DATA TO EXAMINE Block Start

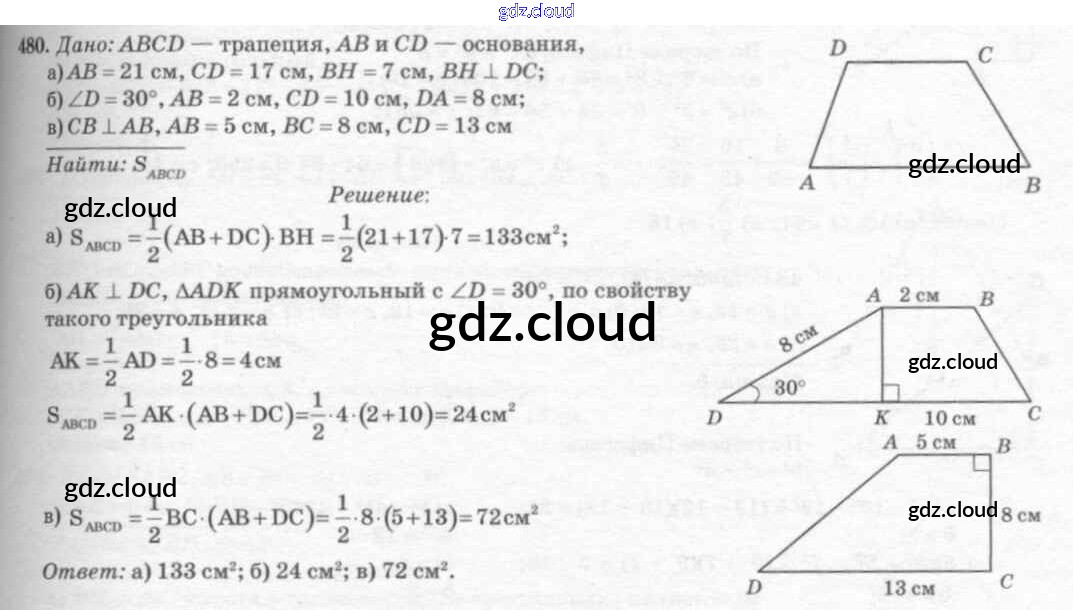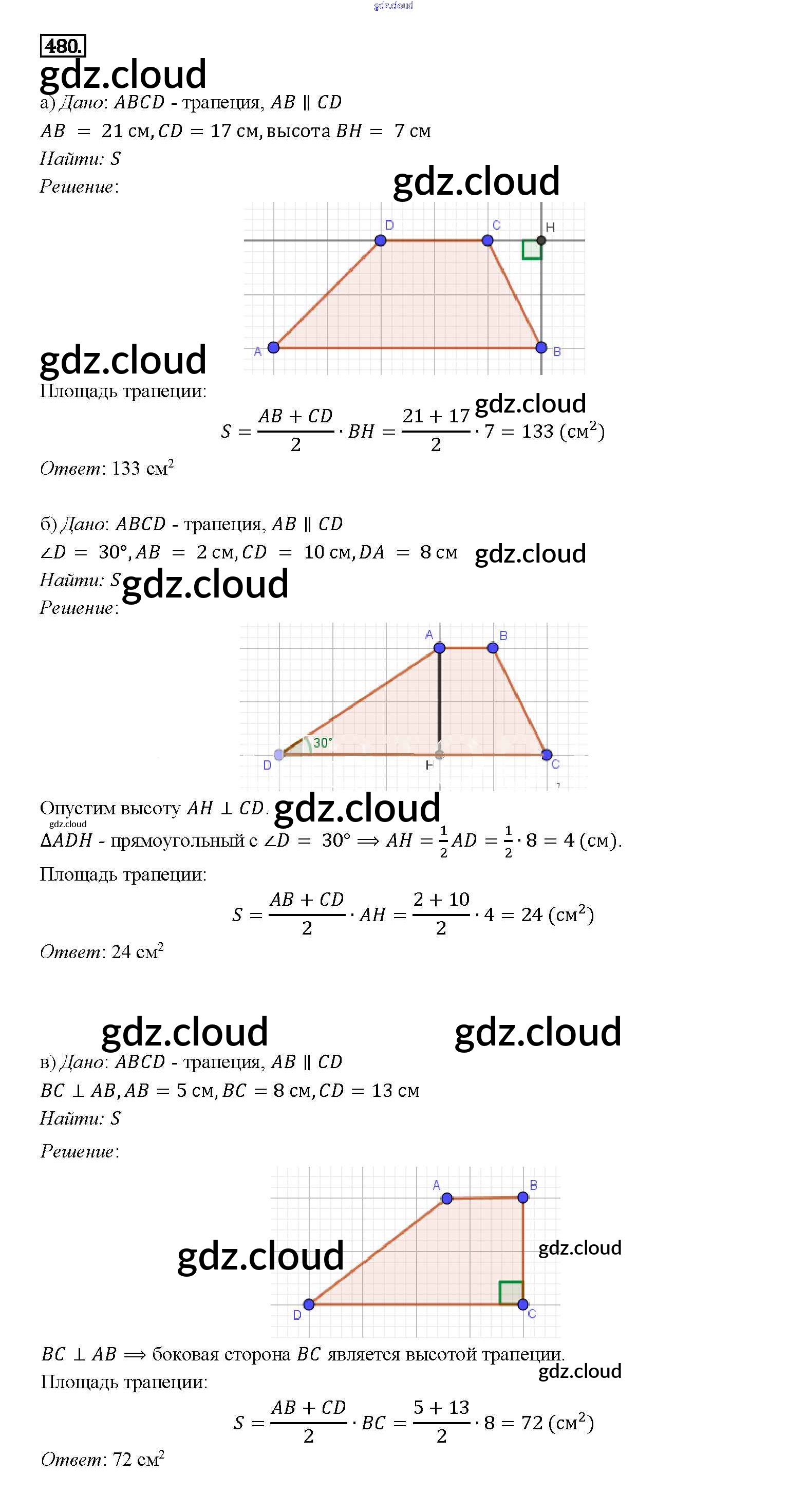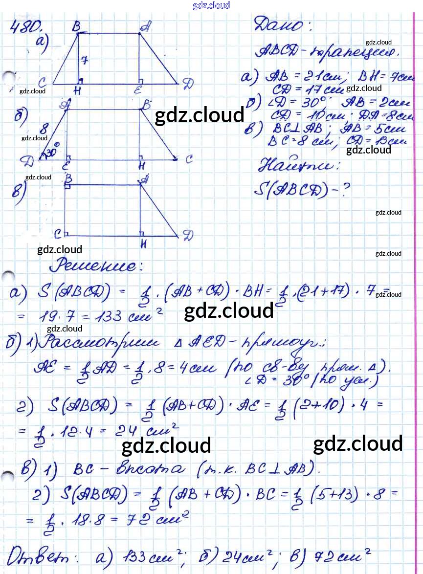 Ответ на задание 480 Учебник Геометрия за 7, 8, 9 (седьмой, восьмой, девятый) класс Атанасян, Бутузов, Кадомцев 2010
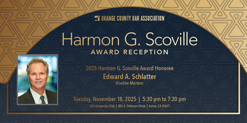 This prestigious award, which was established in 1990 in honor of then-retiring Appellate Court Presiding Justice Harmon G. Scoville, annually recognizes a member of the Orange County legal community whose career exemplifies the highest standards of the legal profession and who has contributed to the OCBA and championed our constitutional system of justice.
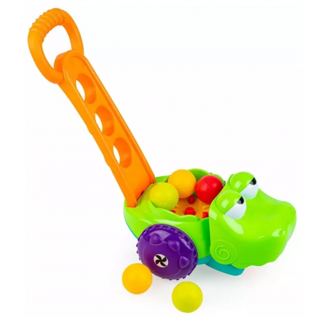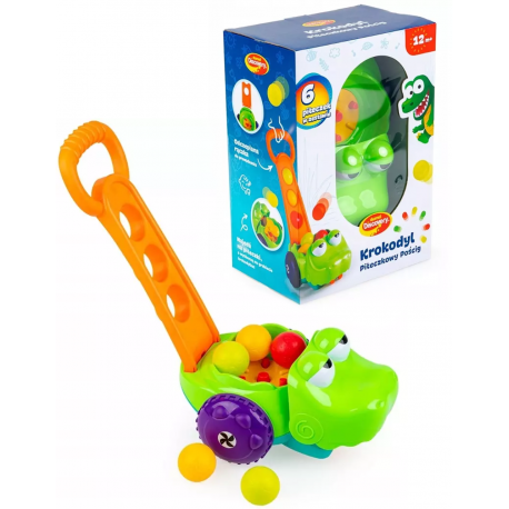 Krokodylek – głodomorek połyka piłeczki! Rozrzuć je na podłodze i pozbieraj wszystkie za pomocą tego zabawnego zwierzaka. Możesz się z nim bawić na dwa różne sposoby: statycznie, przekładając piłeczki z grzbietu do otworów, znajdujących się na rączce do prowadzenia, lub dynamicznie, prowadząc krokodylka przed sobą i zbierając nim piłeczki, której to czynności towarzyszą wesołe melodie. Rączka do prowadzenia jest odpinana, co ułatwia przechowywanie zabawki.
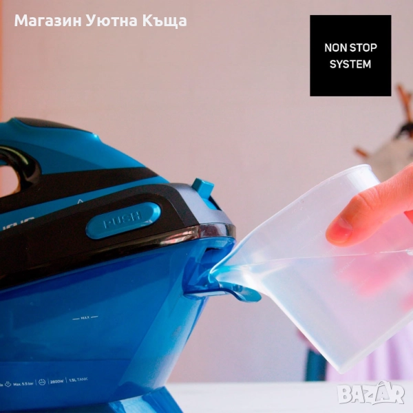 - Непрекъсната пара 130 г/мин - за равномерно гладене
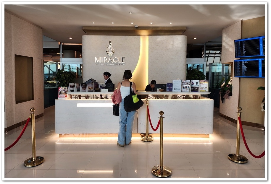 ▲ 這裡是『Miracle First Class Lounge 頭等艙休息室』。據說進去頭等艙休息室不用花大錢,只要有JCB卡就能使用『Miracle First Class Lounge 頭等艙休息室』,當我想要進去時,還被櫃檯小姊姊擋住,因為我用的是『MasterCard 萬事達卡』,不是『JCB日財卡』,害我小小心靈很受傷!
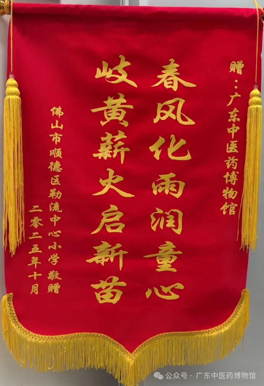 今天收到了佛山市顺德区勒流中心小学送来的锦旗,金灿灿的大字,是对我们中医药研学工作最温暖的肯定。
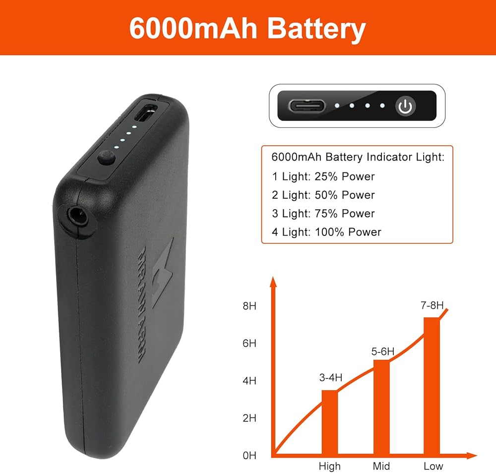 【Large Capacity Battery】Compared with other heated socks with 5000mAh batteries, our heated socks are equipped with 5V 6000mAh rechargeable batteries. Electric socks provide up to 9 hours of continuous warmth on the lowest setting and about 4 hours of warmth on the highest setting when fully charged, keeping you warm all day.
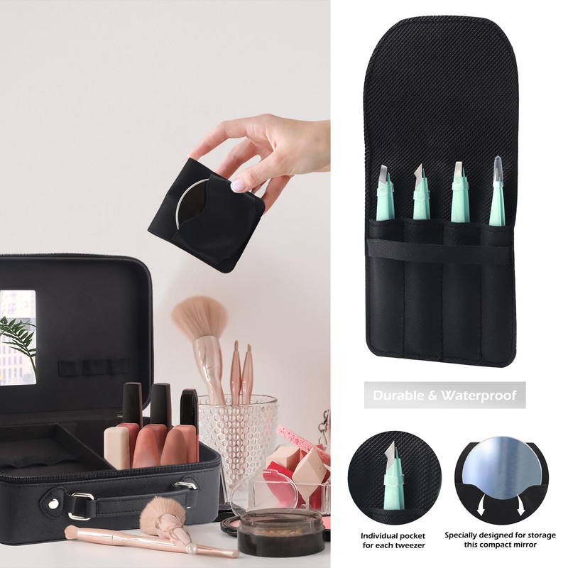 - ·【Juego de pinzas de valor imprescindible】Las pinzas son pequeñas y ligeras, combinadas en una fina funda de piel de viaje y portátiles para llevar sin caerse ni perderlas. Nuestra bolsa compacta evita el desorden con compartimentos divididos, es adecuada para ser colocada en tus bolsas de cosméticos o fundas cuando salgas o viajas. Diseñado para mujeres y hombres para cumplir con su rutina de aseo de cejas.
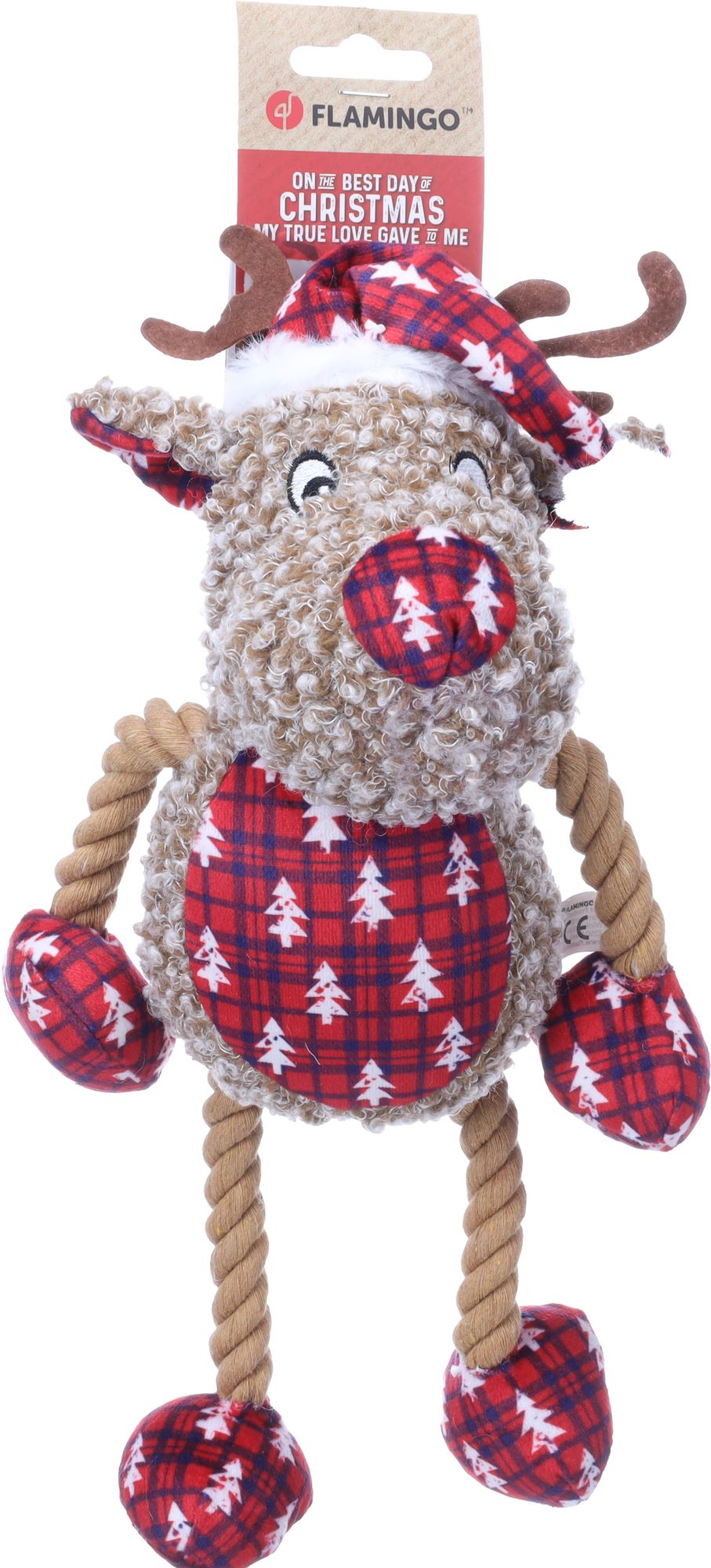Flamingo Zabawka Świąteczna dla psa Renifer z liną
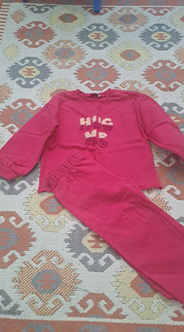 Pembe renkli bebek kız takımı uzun kollu, örgü dokulu ve renkli baskılı detaylara sahiptir. Rahat ve konforludur. e bebek hello baby 3 yas temiz urun sorunsuzdur
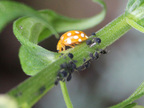Das Foto hehört zur Serie "Käfer". Es zeigt einen Siebenpunkt-Marienkäfer oder Siebenpunkt (Coccinella septempunctata) aus der Familie der Marienkäfer. Es gelten die Nutzungsbedingungen der Mediothek und Pixiothek.
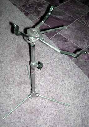 So, I'm starting to clean the downstairs closet where I store most of my extra drums and parts (at the strong urging of my wife) :) and came across this Slingerland snare stand that has three (what look like aluminum) legs, no rubber tips. The legs look like they are held in place by original rivets, so I'm figuring they are somehow original to the stand.
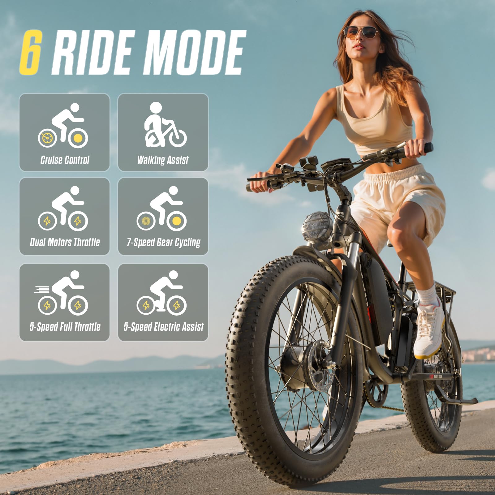 - 🚲 【6 Working Modes】 1. 1 Motor Full Throttle: Offers 5 speed levels for daily commuting. 2. 2 Motors Full Throttle: Utilizes both motors to tackle hilly terrains. 3. Pedal Assist: Extends riding range to ensure long-distance travel. 4. Regular Biking: with a 7-speed gear system for easier riding. 5. Walking Assist: Allows for effortless pushing of the bike. 6. Maintains a consistent speed, preventing muscle tension or driver fatigue caused by erratic acceleration/deceleration.
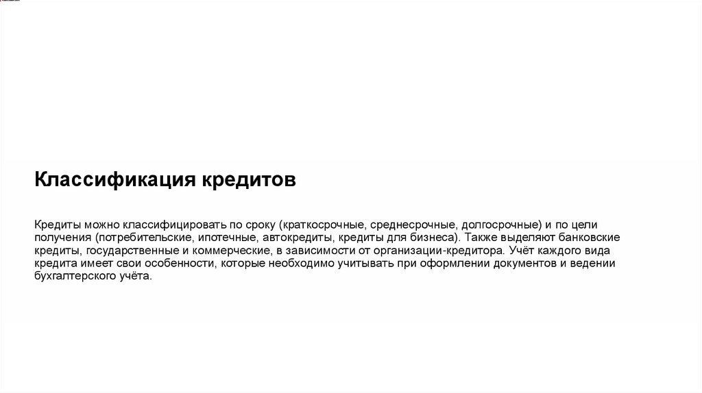 Классификация кредитовКредиты можно классифицировать по сроку (краткосрочные, среднесрочные, долгосрочные) и по цели
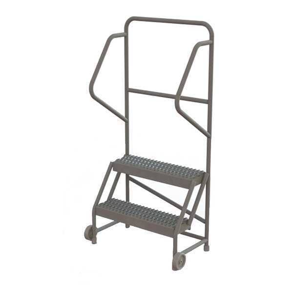 Tilt and Roll Ladder, Material Steel, Platform Height 1.7 ft, Handrails Included Yes, Handrail Height 3 ft, Overall Height 5.2 ft, Number of Steps 2, Unassembled, Load Capacity 450 lb, Step Tread Serrated, Platform Depth 10 in, Platform Width 24 in, Bottom Width 31 in, Base Depth 23 in, Overall Width 31 in, Climbing Angle 56 Degrees , Step Depth 7 in, Step Width 24 in, Ladder Actuation None, Finish Powder Coated, Color Gray, Standards ANSI, OSHA Compliant, Includes Crutch Tips
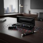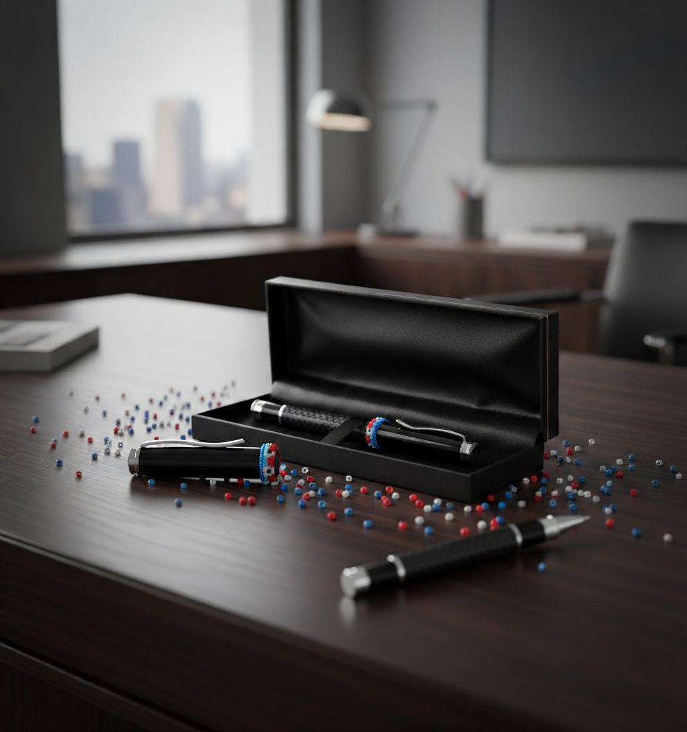 Bolígrafo de fibra de carbono con tapa metálica y estuche, decorado con arte huichol. Cada pieza está elaborada a mano con 120 chaquiras colocadas una a una por artesanos de Jalisco. Con cada compra apoyas el trabajo que representa el sustento económico de estas familias artesanas.

DATA TO EXAMINE Block End

- _WHAT IS REQUIRED_
Your reply should consist solely of the lines above from the line containing "- Непрекъсната пара" up to and including the line containing "Pembe renkli bebek", reproduced exactly, minus the pictures.

- _TASK RESPONSE_
 - Непрекъсната пара 130 г/мин - за равномерно гладене
 ▲ 這裡是『Miracle First Class Lounge 頭等艙休息室』。據說進去頭等艙休息室不用花大錢,只要有JCB卡就能使用『Miracle First Class Lounge 頭等艙休息室』,當我想要進去時,還被櫃檯小姊姊擋住,因為我用的是『MasterCard 萬事達卡』,不是『JCB日財卡』,害我小小心靈很受傷!
 今天收到了佛山市顺德区勒流中心小学送来的锦旗,金灿灿的大字,是对我们中医药研学工作最温暖的肯定。
 【Large Capacity Battery】Compared with other heated socks with 5000mAh batteries, our heated socks are equipped with 5V 6000mAh rechargeable batteries. Electric socks provide up to 9 hours of continuous warmth on the lowest setting and about 4 hours of warmth on the highest setting when fully charged, keeping you warm all day.
 - ·【Juego de pinzas de valor imprescindible】Las pinzas son pequeñas y ligeras, combinadas en una fina funda de piel de viaje y portátiles para llevar sin caerse ni perderlas. Nuestra bolsa compacta evita el desorden con compartimentos divididos, es adecuada para ser colocada en tus bolsas de cosméticos o fundas cuando salgas o viajas. Diseñado para mujeres y hombres para cumplir con su rutina de aseo de cejas.
Flamingo Zabawka Świąteczna dla psa Renifer z liną
 Pembe renkli bebek kız takımı uzun kollu, örgü dokulu ve renkli baskılı detaylara sahiptir. Rahat ve konforludur. e bebek hello baby 3 yas temiz urun sorunsuzdur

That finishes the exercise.